Source material:

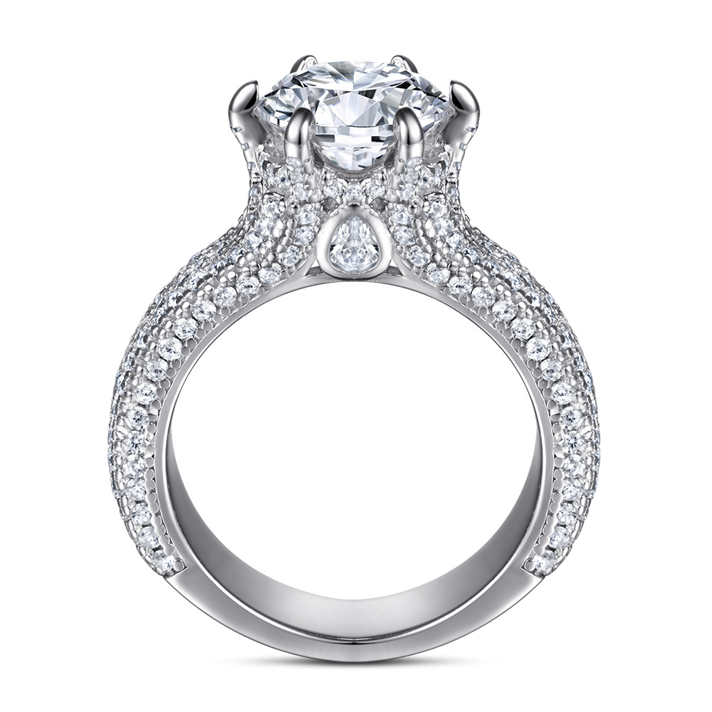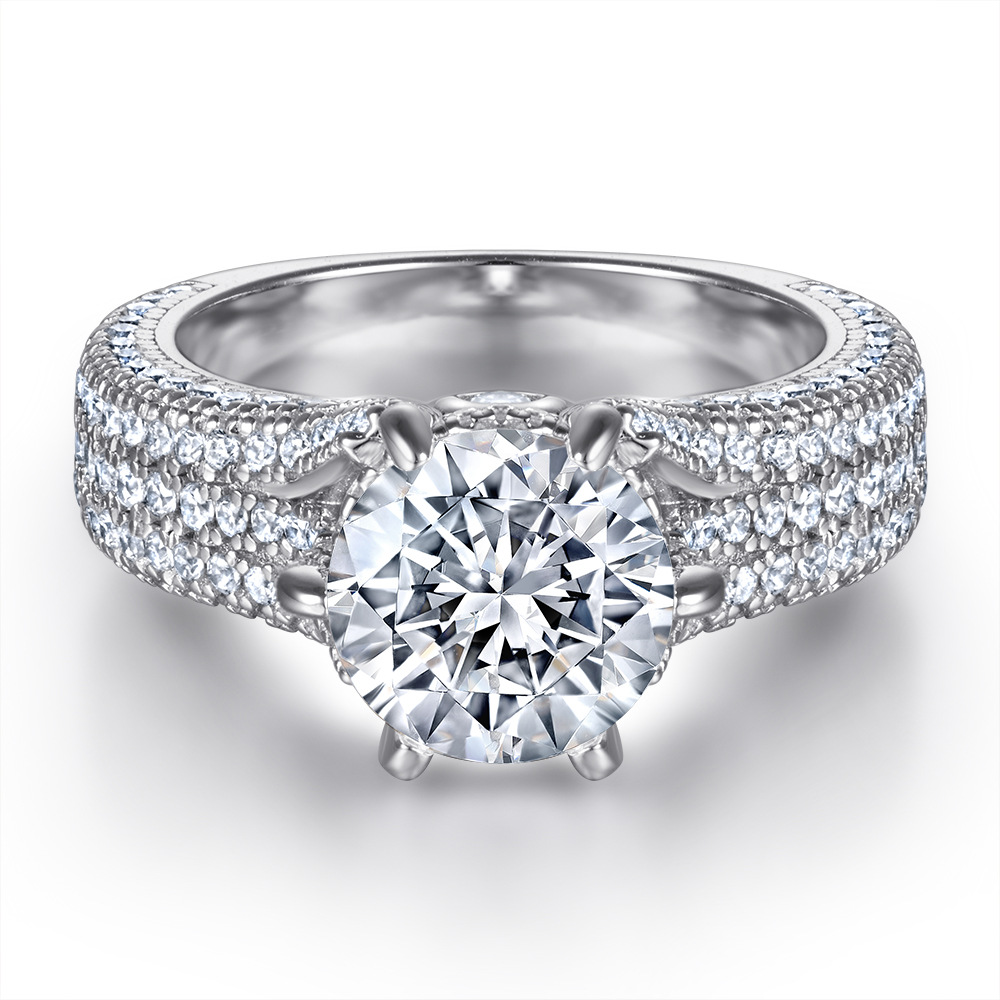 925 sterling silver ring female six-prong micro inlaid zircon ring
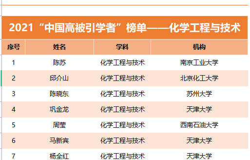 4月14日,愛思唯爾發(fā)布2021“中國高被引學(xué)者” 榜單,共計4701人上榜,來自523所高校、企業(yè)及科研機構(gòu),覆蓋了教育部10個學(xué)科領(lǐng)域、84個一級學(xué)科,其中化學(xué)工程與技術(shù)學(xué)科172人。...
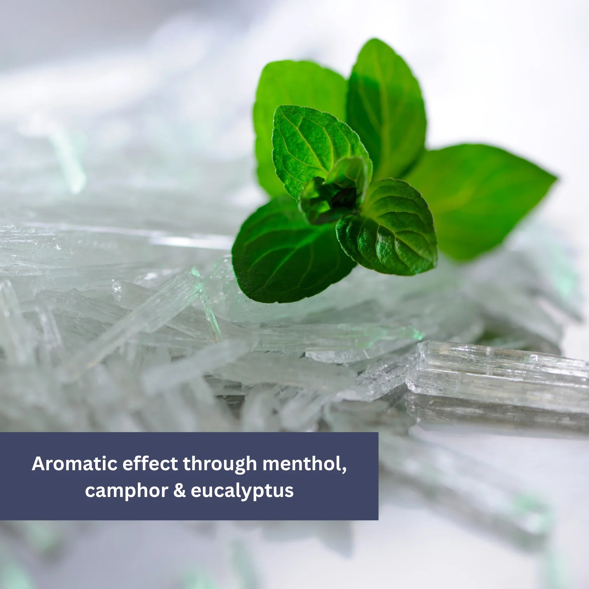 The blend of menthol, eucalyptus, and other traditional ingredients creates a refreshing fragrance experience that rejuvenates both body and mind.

Task brief: Write out the whole listing exactly. Pictures stay out.

Your response:
 925 sterling silver ring female six-prong micro inlaid zircon ring
 4月14日,愛思唯爾發(fā)布2021“中國高被引學(xué)者” 榜單,共計4701人上榜,來自523所高校、企業(yè)及科研機構(gòu),覆蓋了教育部10個學(xué)科領(lǐng)域、84個一級學(xué)科,其中化學(xué)工程與技術(shù)學(xué)科172人。...
 The blend of menthol, eucalyptus, and other traditional ingredients creates a refreshing fragrance experience that rejuvenates both body and mind.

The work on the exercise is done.